Some more Budapest set crime writing….
- Gaby Koppel’s Reparation (2019) is set in 1997 with a claim by Hungarian refugees in America against the old Budapest government; a child abduction in the city’s Hassidic community, and then an arrest in Budapest that ignites an investigation into the county’s past.
- Lisa Lieberman’s Burning Cold (2017) is set in a 1956 Budapest where American Cara Walden finds herself involved in the intrigues of dissidents and Soviet agents all hunting for her brother. By turns a mystery and a spy novel set in the middle of the Hungarian Revolution.
- Jessica Keener’s Strangers in Budapest (2017) follows Boston couple Anne and Will as they relocate to Hungary shortly after the fall of the communist government. But Hungary’s older and darker past of the Nazi murder of so many Hungarian Jews in World War Two drags the couple into a vendetta not of their making.
- J.F. Penn writes the ARKANE series of thrillers about a fictional (at least I hope it’s fictional!) British government agency specializing in paranormal and religious experience. The books roam around—Cairo, Jerusalem, the Scottish island of Orkney, Barcelona, New York, India, New Orleans, and, in book four of the ten book series, Budapest. One Day in Budapest (2018) has a priest murdered at the Basilica of St Stephen and a holy relic stolen. An ultra-nationalist political party calls for retribution and anti-Semitic violence erupts in the city. Dr Morgan Sierra, psychologist and ARKANE agent, arrives to sort everything out.

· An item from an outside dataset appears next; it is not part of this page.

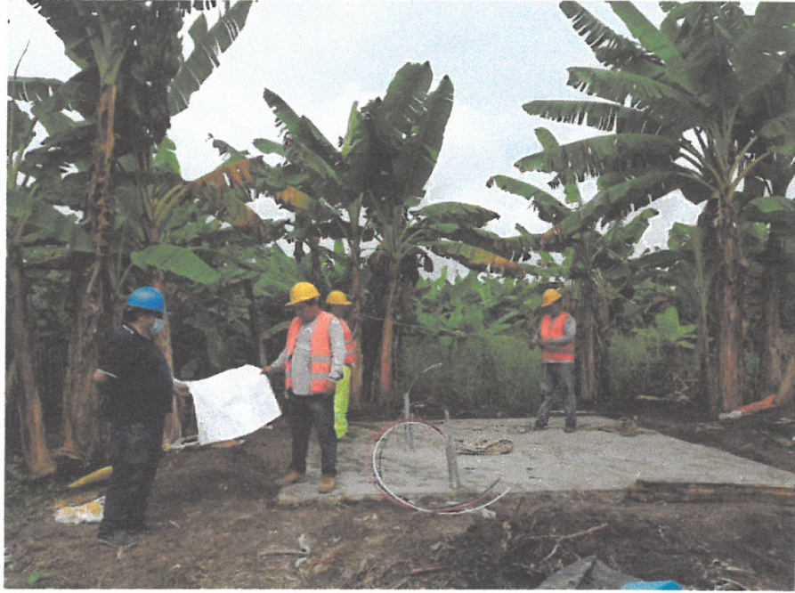
VISTA DE LOSA DE LA CASA DE FUERZA RESIDENTE CON MAESTRO DE OBRA

- Death in Budapest (2012) by James L. Ross mixes spying with crime (NB: Budapest is obviously a popular location with espionage writers, but I’ve mostly stuck with the more traditional crime novels here). Patrick McCarry, a down-on-his-luck Wall Street banker ends up in Budapest and tempted by the idea of running guns into the Balkans, an idea that, of course, will not end well.
And finally, Péter Lengyel’s 1988 Cobblestone. Lengyel is a Hungarian writer whose career spanned the communist era. He was a translator, a playwright and went to Havana for a while as a university lecturer. He became best known in Hungary in the late 1960s and 1970s as a science fiction writer (as many writers in dictatorships know, when it’s problematic to write about the world you live in simply get into a spaceship and set your novels in galaxies far, far away). In 1988 he took a break from sci-fi to write a crime novel. Cobblestone may start with a jewel heist in 1896 Budapest but it roams far and wide through the city’s history—collapsing empires and monarchies, different regimes, religious tensions, and up to the disappearing shop-fronts and street names under communism as much of old Budapest was threatened with destruction. Cobblestone is the entire history of twentieth century Budapest in one gloriously sprawling, crime novel.